The material below is to be copied exactly from the line with "- Ceiling Fan(s), Crown" up to and including the line with "Begane grond: Entree;", with nothing else kept and no pictures.

_Provided information_
______
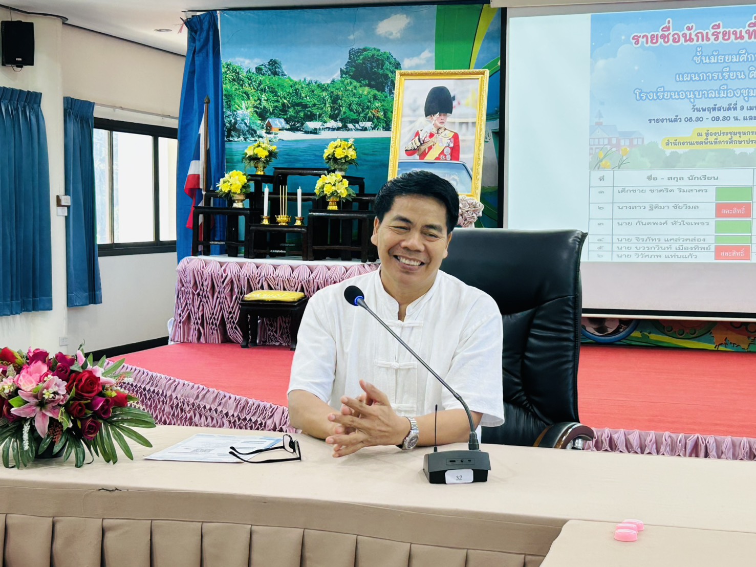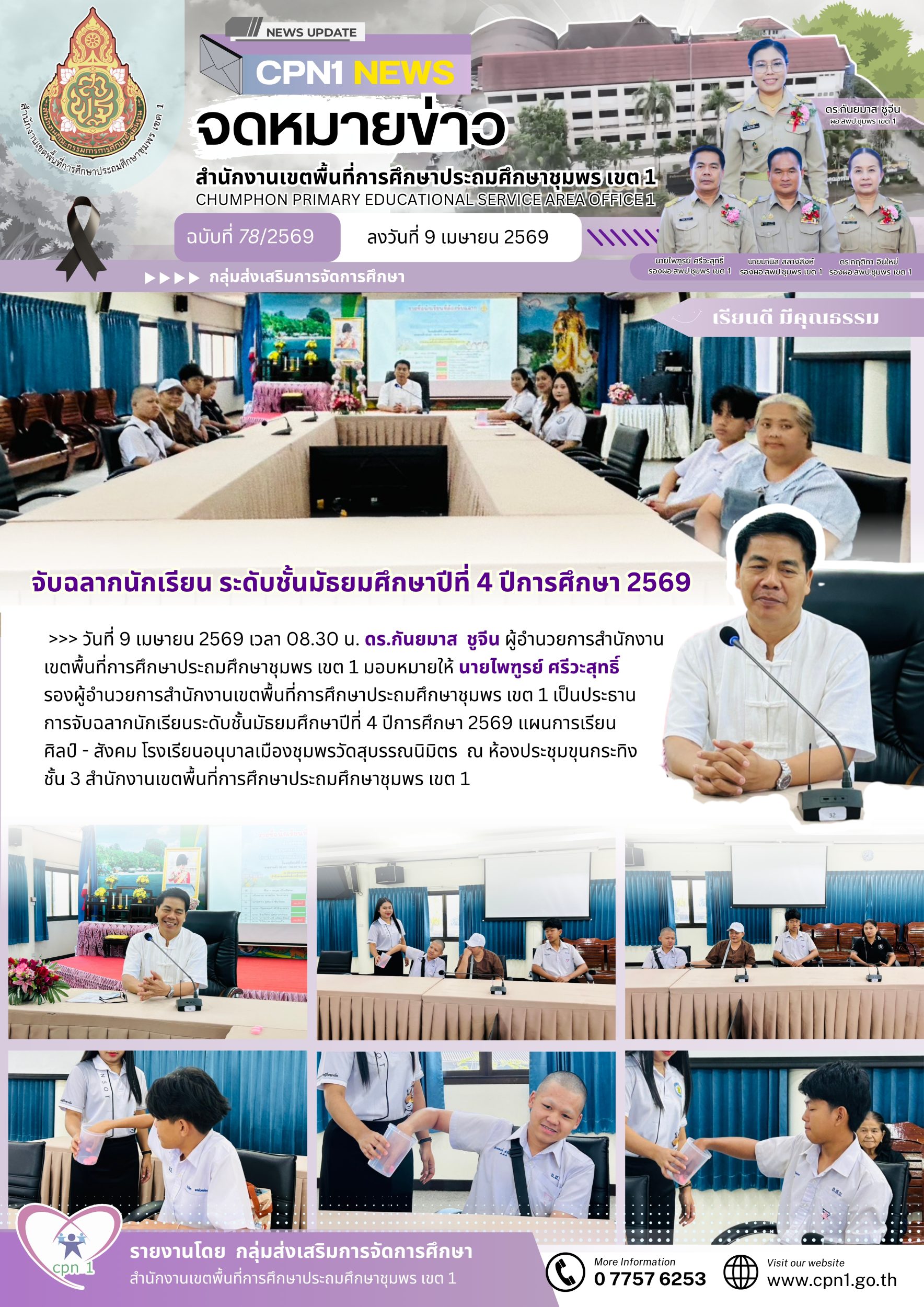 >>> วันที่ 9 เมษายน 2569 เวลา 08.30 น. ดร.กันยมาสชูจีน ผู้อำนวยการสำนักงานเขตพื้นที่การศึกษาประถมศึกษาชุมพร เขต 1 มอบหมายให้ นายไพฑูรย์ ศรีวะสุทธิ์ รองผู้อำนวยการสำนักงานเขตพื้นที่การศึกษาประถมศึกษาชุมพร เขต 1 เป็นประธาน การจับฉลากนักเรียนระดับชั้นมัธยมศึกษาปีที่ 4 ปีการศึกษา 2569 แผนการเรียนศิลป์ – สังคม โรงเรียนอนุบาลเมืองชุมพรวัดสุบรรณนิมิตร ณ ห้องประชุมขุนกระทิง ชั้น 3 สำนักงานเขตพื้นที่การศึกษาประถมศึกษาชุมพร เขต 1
______
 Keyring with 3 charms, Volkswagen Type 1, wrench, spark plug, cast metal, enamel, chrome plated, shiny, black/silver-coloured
______
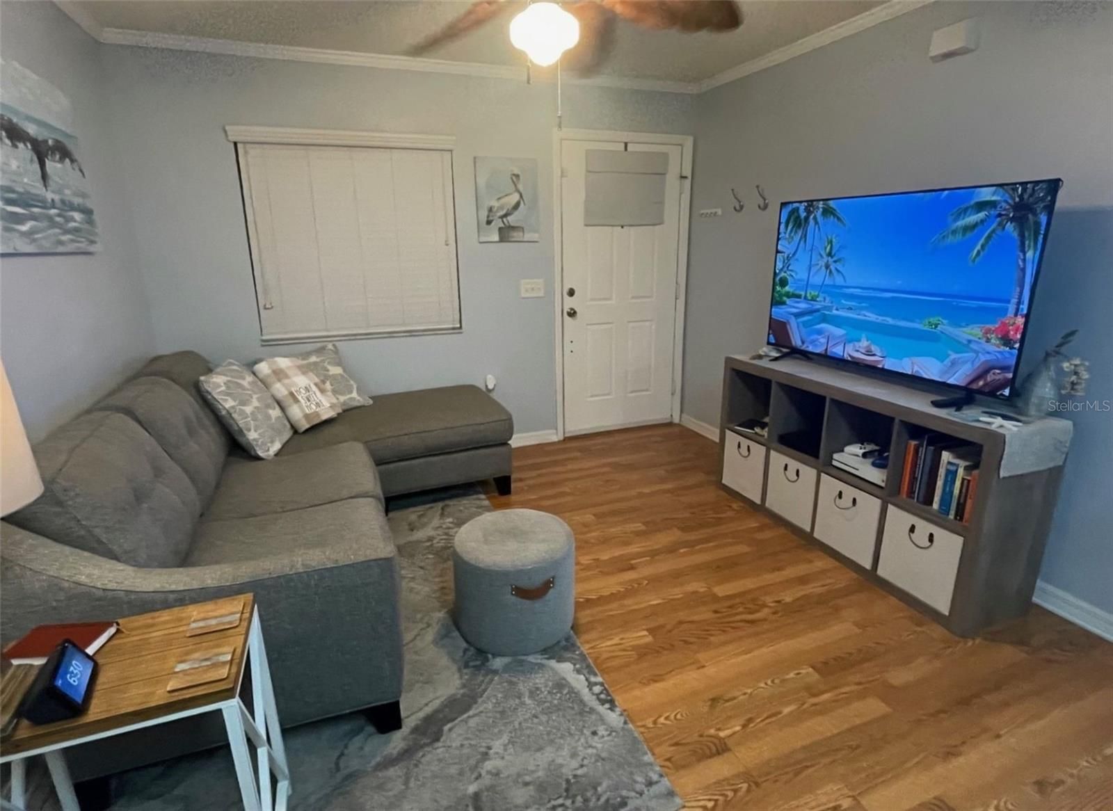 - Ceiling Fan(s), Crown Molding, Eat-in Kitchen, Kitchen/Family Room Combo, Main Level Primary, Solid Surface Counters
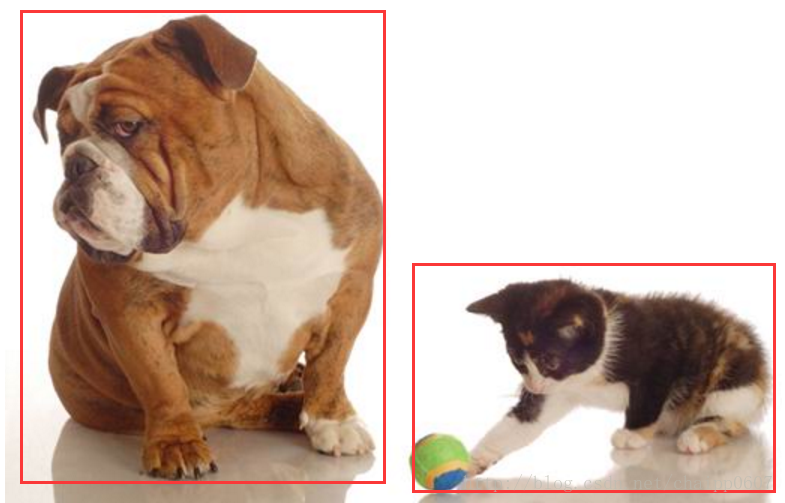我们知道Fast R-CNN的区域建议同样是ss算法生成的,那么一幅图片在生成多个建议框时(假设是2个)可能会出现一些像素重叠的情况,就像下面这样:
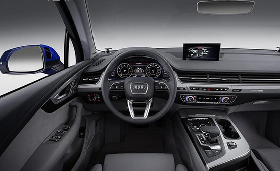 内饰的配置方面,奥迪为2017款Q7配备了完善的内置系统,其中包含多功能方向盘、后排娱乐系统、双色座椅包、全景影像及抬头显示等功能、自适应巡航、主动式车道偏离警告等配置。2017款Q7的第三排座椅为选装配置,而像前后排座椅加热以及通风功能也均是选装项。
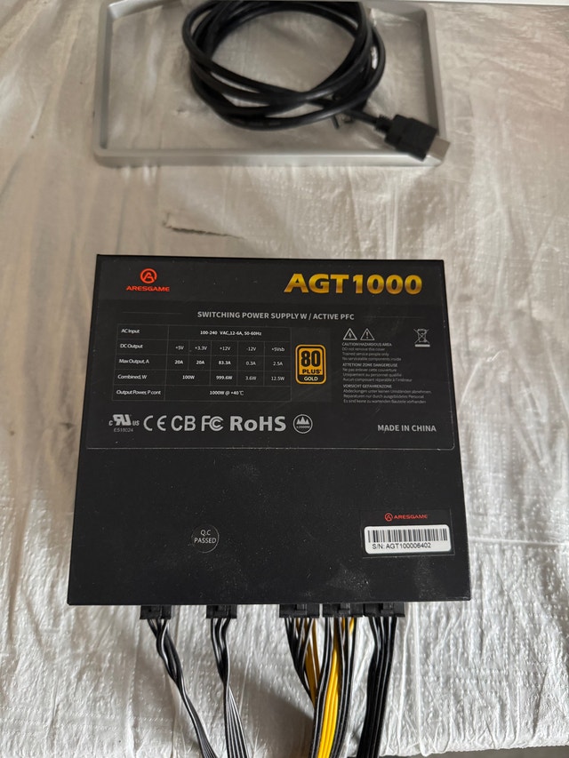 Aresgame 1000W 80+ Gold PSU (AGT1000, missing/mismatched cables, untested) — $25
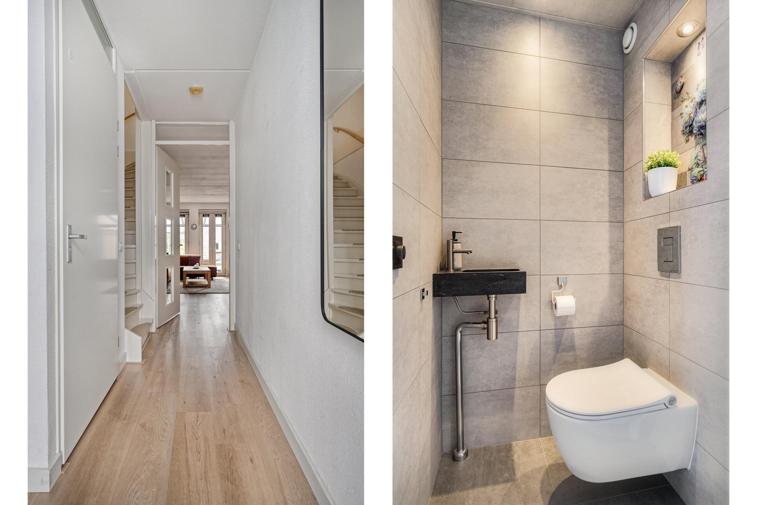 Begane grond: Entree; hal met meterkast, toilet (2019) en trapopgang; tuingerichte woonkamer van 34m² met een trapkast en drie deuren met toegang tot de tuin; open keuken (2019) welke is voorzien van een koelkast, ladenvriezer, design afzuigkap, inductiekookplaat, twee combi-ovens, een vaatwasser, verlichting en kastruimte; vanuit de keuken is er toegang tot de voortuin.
______
_Output_
 - Ceiling Fan(s), Crown Molding, Eat-in Kitchen, Kitchen/Family Room Combo, Main Level Primary, Solid Surface Counters
我们知道Fast R-CNN的区域建议同样是ss算法生成的,那么一幅图片在生成多个建议框时(假设是2个)可能会出现一些像素重叠的情况,就像下面这样:
 内饰的配置方面,奥迪为2017款Q7配备了完善的内置系统,其中包含多功能方向盘、后排娱乐系统、双色座椅包、全景影像及抬头显示等功能、自适应巡航、主动式车道偏离警告等配置。2017款Q7的第三排座椅为选装配置,而像前后排座椅加热以及通风功能也均是选装项。
 Aresgame 1000W 80+ Gold PSU (AGT1000, missing/mismatched cables, untested) — $25
 Begane grond: Entree; hal met meterkast, toilet (2019) en trapopgang; tuingerichte woonkamer van 34m² met een trapkast en drie deuren met toegang tot de tuin; open keuken (2019) welke is voorzien van een koelkast, ladenvriezer, design afzuigkap, inductiekookplaat, twee combi-ovens, een vaatwasser, verlichting en kastruimte; vanuit de keuken is er toegang tot de voortuin.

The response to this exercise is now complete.